2 minute read
Het tweede leven van Kneppelhout
Lambert Kneppelhout is een gepensioneerde postbode. Zijn vrouw heeft hem verlaten voor een ander. Langzaam pakt de inmiddels zeventiger de draad weer op en zoekt hij zijn weg in de herfst van het leven.
testament
Advertisement
Lambert Kneppelhout zit op het zoldertje boven zijn appartementje naast een doos vol fotoalbums. Na het etentje met zijn meiden blijft de laatste zin van zijn oudste dochter Brigitte in zijn hoofd nadreunen:
“Waarom heb je dan jarenlang gedaan alsof we niet bestonden?” Het afscheid was pijnlijk. Uitgerekend na een avond waarop hij dacht dat de band met zijn kinderen was hersteld en verstevigd. Hij had niet geweten wat hij moest antwoorden na die opmerking. Bedremmeld als een kind dat door zijn moeder is betrapt op een leugen. De rollen zijn omgekeerd, bedenkt Lambert. Zeventig jaar oud en de les gelezen door zijn dochter.

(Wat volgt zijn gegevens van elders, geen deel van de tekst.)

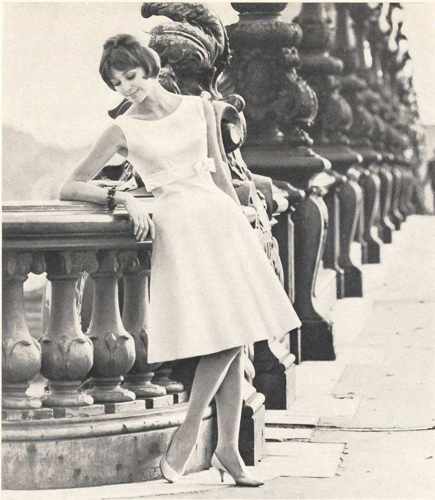
ROBT. SCHWARZENBACH & CO., THALWIL Tissu acétate « Joyeuse » – acetate fabric – tejido de acetato – Azetatgewebe Modèle Pierre Billet, Paris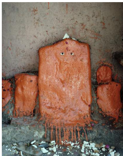
12. Hanuman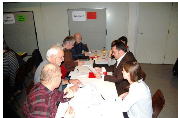
Die IKEK-Team Mitglieder diskutieren/prüfen die Ziele des Stadtleitbildes für Ober-Ramstadt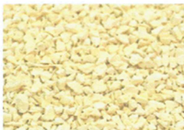
Ral: lemon yellow 1012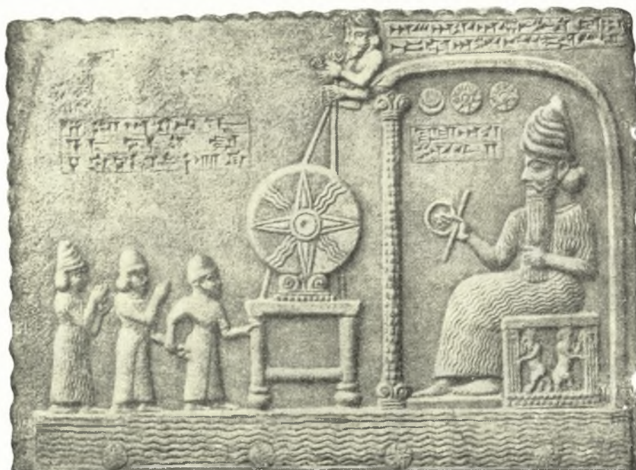
Εἰκ. 6. Ἄνω μέρος ἀναγλύφου τοῦ Βαβυλωνίου Nabu-apal-iddin ἐξ Abu-Habba-Sippar ἐν τῷ Βρετανικῷ Μουσεῖῳ.

Ἐκ τῶν ἡλιακῶν συμβόλων, καὶ εἶναι ταῦτα πολλά 2 , παραστατικώτερον καὶ συνηθέστερον ἦτο ὁ κύκλος 3 , δίσκος ἢ τροχός 4 , συμβολίζων τὴν ἀτέρμονα περιστροφικὴν

Na het doorbladeren van een album zucht hij diep. Hij kijkt naar een leven waar hij geen deel van uitmaakte. Lachende kinderen, stralende moeder, afwezige vader. Ongewild moet hij denken aan dat liedje uit zijn jeugd, Testament, gezongen door Boudewijn de Groot. Hij kent de tekst van Lennaert Nijgh nog uit zijn hoofd: ‘Voor mijn ouders is het album met de plaatjes, die zo vals getuigen van een blijde jeugd. Maar ze tonen niet de zouteloze praatjes die een kind opvoeden in eer en deugd.’
Lambert ziet naast de opgevouwen kunstkerstboom een bekend doosje. Verrek, denkt hij, mijn oude Agfa Clack. Daarom ben ik op geen enkele foto te zien. Ik was de fotograaf! Niemand anders mocht aan dat toestel komen. Ik heb het fototoestel gekocht van mijn eerste salaris als postbode.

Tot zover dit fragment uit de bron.